The Google AI Edge platform enables building and deploying a wide range of pretrained and custom models on edge devices and supports various frameworks like TensorFlow, PyTorch, Keras, and Jax, allowing for more customization in apps. The platform now also offers improved support of on-device hardware accelerators and a new AI Edge Portal service for broad coverage of on-device benchmarking and evals. If you are looking for GenAI language models on devices where Gemini Nano is not available, you can use other open models via the MediaPipe LLM Inference API.
Serving your own custom models on-device can pose challenges related to handling large model downloads and updates, impacting the user experience. To improve this, we’ve launched Play for On-Device AI in beta. This service is designed to help developers manage custom model downloads efficiently, ensuring the right model size and speed are delivered to each Android device precisely when needed.
For more information watch “Small language models with Google AI Edge” talk.
For more advanced generative AI use cases, such as complex reasoning tasks, analyzing large amounts of data, processing audio or video, or generating images, you can use larger models from the Gemini Flash and Gemini Pro families, and Imagen running in the cloud. These models are well suited for scenarios requiring advanced capabilities or multimodal inputs and outputs. And since the AI inference runs in the cloud any Android device with an internet connection is supported. They are easy to integrate into your Android app by using Firebase AI Logic, which provides a simplified, secure way to access these capabilities without managing your own backend. Its SDK also includes support for conversational AI experiences using the Gemini Live API or generating custom contextual visual assets with Imagen.
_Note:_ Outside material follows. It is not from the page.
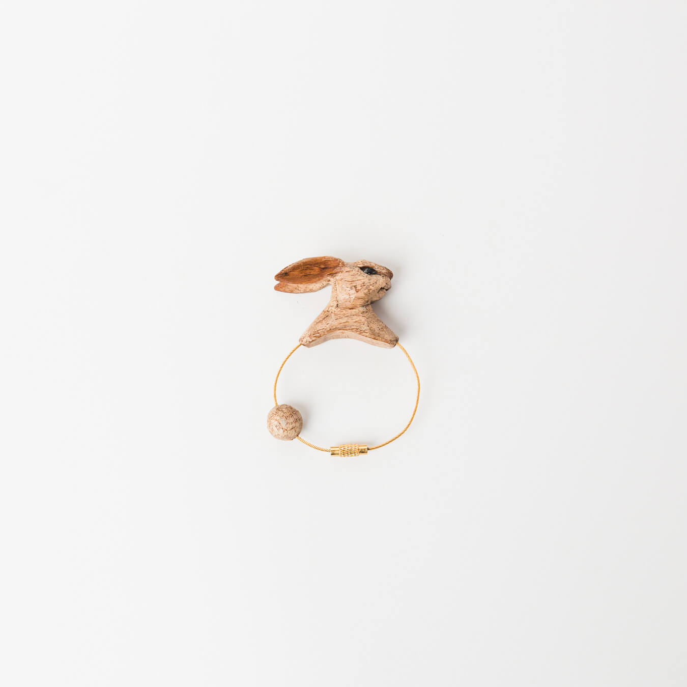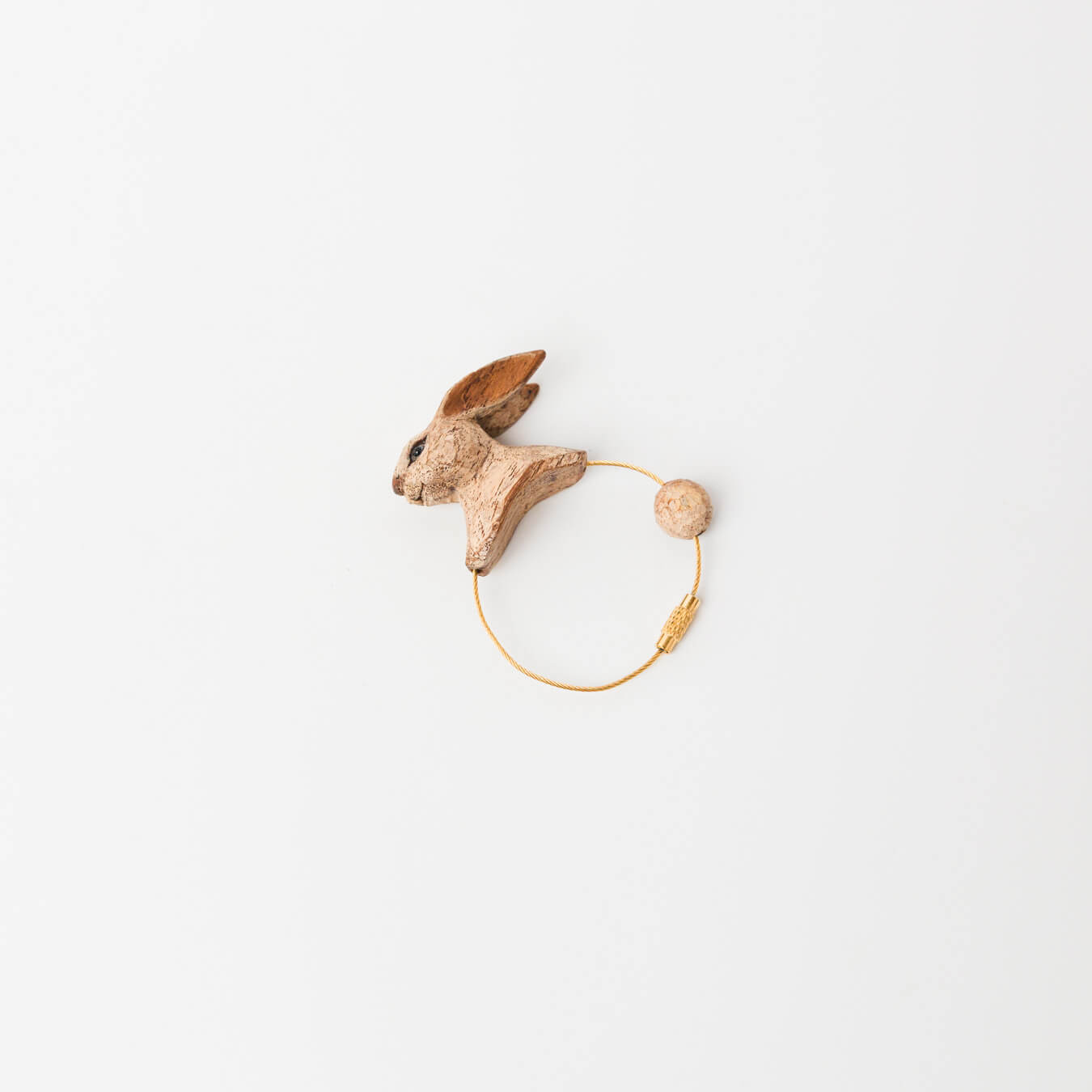 愛らしいうさぎのトルソーをかたどった木製キーホルダー。

To learn more, check out our sample on GitHub and watch "Enhance your Android app with Gemini Pro and Flash, and Imagen" session.
These powerful AI capabilities can also be brought to life in immersive Android XR experiences. You can find corresponding documentation, samples and the technical session: "The future is now, with Compose and AI on Android XR".
We released a new open source app, Androidify, to help developers build AI-driven Android experiences using Gemini APIs, ML Kit, Jetpack Compose, CameraX, Navigation 3, and adaptive design. Users can create personalized Android bot with Gemini and Imagen via the Firebase AI Logic SDK. Additionally, it incorporates ML Kit pose detection to detect a person in the camera viewfinder. The full code sample is available on GitHub for exploration and inspiration. Discover additional AI examples in our Android AI Sample Catalog.
Choosing the right Gemini model depends on understanding your specific needs and the model's capabilities, including modality, complexity, context window, offline capability, cost, and device reach. To explore these considerations further and see all our announcements in action, check out the AI on Android at I/O ‘25 playlist on YouTube and check out our documentation.
We are excited to see what you will build with the power of Gemini!